The observation model p(yk| xk) denotes the likelihood of the observation yk at state xk. It plays an important role in robust tracking. In this paper, we aim to construct a robust likelihood model having the anti-occlusion ability and foreground target identification ability by merging the similarity of sparse coefficient histograms [16] and the classification information. Moreover, we consider the spatial information of each patch by using the isotropic Gaussian kernel density, which can keep the stability of the proposed algorithm for visual target tracking.

The likelihood of the lth particle is expressed as
$$ {p}_l=\sum \limits_{i=1}^{N_p}k\left({\left\Vert \frac{y_k^l-{c}_i}{h}\right\Vert}^2\right){M}_{k,i}^l{L}_{k,i}^l $$
(7)
where \( {M}_{k,i}^l \) and \( {L}_{k,i}^l \) denote the likelihood of classification and the similarity function of the target histograms between the candidate and the template. \( k\left({\left\Vert \frac{y_k^l-{c}_i}{h}\right\Vert}^2\right) \) denotes the isotropic Gaussian kernel density, where ci denotes the center of the ith patch, and \( {y}_k^l \) denotes the center of the lth particle in the kth frame.
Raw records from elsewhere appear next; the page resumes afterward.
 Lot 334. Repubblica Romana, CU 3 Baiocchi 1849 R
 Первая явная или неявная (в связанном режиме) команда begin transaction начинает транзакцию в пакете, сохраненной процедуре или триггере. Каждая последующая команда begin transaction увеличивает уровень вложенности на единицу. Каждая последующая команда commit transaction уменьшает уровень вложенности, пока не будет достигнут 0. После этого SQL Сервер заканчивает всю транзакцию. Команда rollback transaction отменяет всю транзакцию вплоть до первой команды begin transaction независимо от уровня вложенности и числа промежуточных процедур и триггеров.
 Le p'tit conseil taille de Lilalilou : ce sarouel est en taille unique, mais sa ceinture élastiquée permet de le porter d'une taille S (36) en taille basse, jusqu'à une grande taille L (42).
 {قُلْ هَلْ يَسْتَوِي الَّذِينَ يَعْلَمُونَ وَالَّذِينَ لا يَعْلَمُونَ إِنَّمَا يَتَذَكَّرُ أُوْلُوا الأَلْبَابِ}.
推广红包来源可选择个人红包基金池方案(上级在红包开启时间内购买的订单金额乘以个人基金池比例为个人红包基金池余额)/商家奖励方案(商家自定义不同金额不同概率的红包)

It means the distance between the patch and the candidate particle is considered, i.e., the patches far away from the center of the target will be assigned smaller weights, which can weaken the disturbance of the patches on the edge of the target.
According to the histogram intersection function [16, 20], the similarity function of the ith patch of the lth particle is defined as
$$ {L}_{k,i}^l=\sum \min \left({\varphi}_{k,i}^l,{\psi}^i\right) $$
(8)
where \( {\varphi}_{k,i}^l \) and ψi denotes the sparse coefficient histograms of the candidate target and the target template, respectively. Template histogram is computed only once for each image sequence. Moreover, the comparison between the candidate and the template should be carried out under the same occlusion condition. Therefore, the template and the ith candidate share the same matrix o of occluded detection.
The likelihood of classification of the ith patch of the lth particle is defined as
$$ {M}_{k,i}^l=\cos \angle \left(W{\varphi}_{k,i}^l,\Gamma \right) $$
(9)
where \( {\varphi}_{k,i}^l \) is the sparse coefficient vector of the candidate patch. Γ denotes the base vector of target classification, i.e., Γ = [1, 0]T, \( \cos \angle \left(\alpha, \beta \right)=\frac{\alpha \cdot \beta }{\left|\alpha \right|\left|\beta \right|} \) denotes the bearing of two vectors.
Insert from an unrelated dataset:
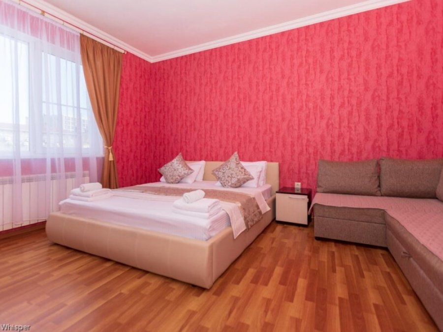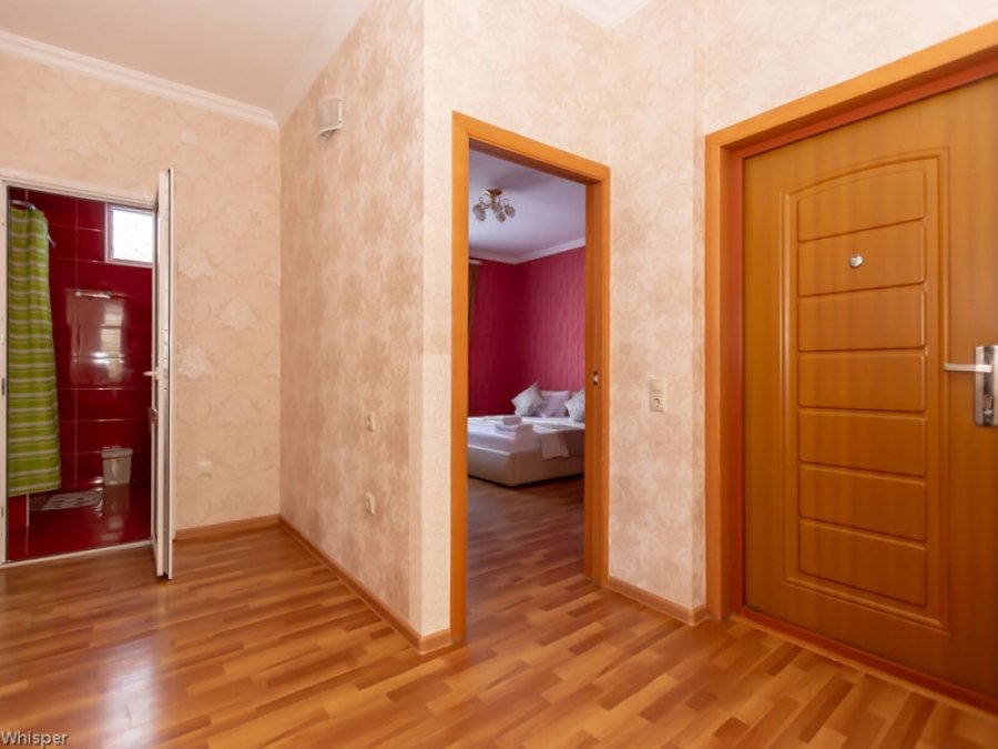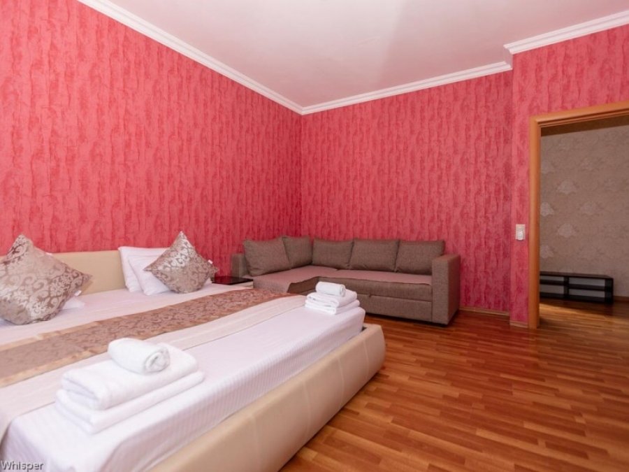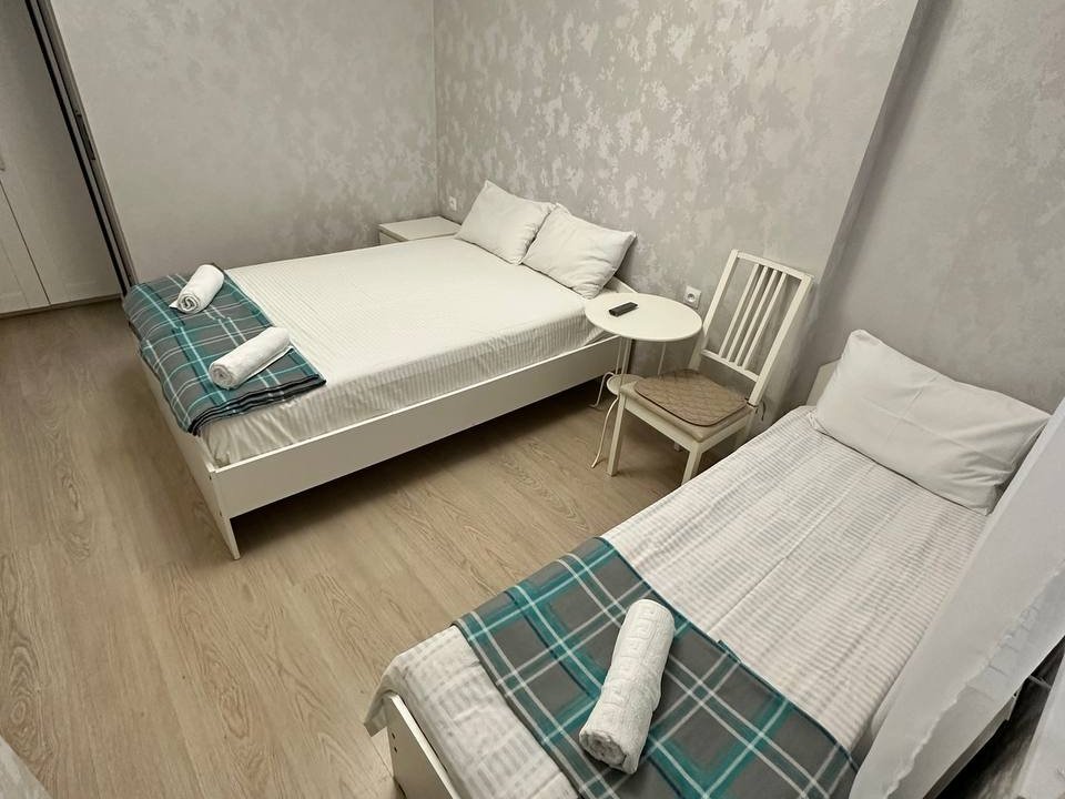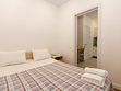 Двухкомнатная квартира с полноценной зоной для самостоятельного приготовления пищи подойдет для гостей, которые привыкли к собственной домашней еде. На кухне есть все необходимое: холодильник, плита, чайник, посуда для приема и для приготовления пищи, вытяжка и кондиционер. Из мебели на кухне так же имеется обеденная зона со стульями. В квартире так же имеются две полноценная изолированные спальни с двуспальной кроватью, телевизором и кондиционером. В квартире так же имеется санузел и стиральная машина.В номере

The bigger the number of patches belonging to the candidate particle is, the better the target appearance can be described. Because the selected patches may be from target templates or background templates. Therefore, if the patch belongs to the target, we should give it a bigger weight than that belong to the background.

2.4 Adaptive template update

In the tracking process, the appearance of the target often changes significantly due to the disturbance of illumination changes, occlusion, rotation, scale variation, and so on. Therefore, we need to update the template appropriately. However, if the template is updated too frequently by using new observations, the tracking results are easy to drift away from the target due to the accumulation of errors. Especially, when the target is occluded, the latest tracking result cannot describe the real target well, which will cause the later estimated targets to be lost. On the contrary, if tracking with fixed templates, it is prone to fail in dynamic scenes as it does not consider inevitable appearance change.

In this paper, we propose an improved template histogram update scheme by combining the histogram of the first frame and the latest estimated histogram with the variable μ, i.e.,
$$ {\widehat{\psi}}_n=\left\{\begin{array}{l}\mu \psi +\left(1-\mu \right){\widehat{\varphi}}_n,\kern0.5em {O}_n<{O}_0\\ {}{\widehat{\psi}}_{n\hbox{-} 1},\kern0.5em \mathrm{otherwise}\end{array}\right. $$
(10)
where \( \mu ={\mathrm{e}}^{\hbox{-} \left(1\hbox{-} \frac{O_n}{O_0}\right)} \) denotes the weighting parameter, which can adaptively adjust the update template to adapt to the change of the target appearance. \( {\widehat{\psi}}_n \) denotes the update template histogram, ψ and \( {\widehat{\varphi}}_n \) denote the template histogram of the first frame and the latest estimate, respectively. \( {O}_n=\frac{\#{\mathrm{Patch}}_{occ}}{\#\mathrm{Patch}} \) denotes the occlusion degree of the current tracking results. #Patchocc and #Patch denote the number of the occluded patches and the total patches. O0 is a threshold of the degree of occlusion. Moreover, to avoid frequent template update, we detect the occluded state every five frames, i.e., we update the template every five frames.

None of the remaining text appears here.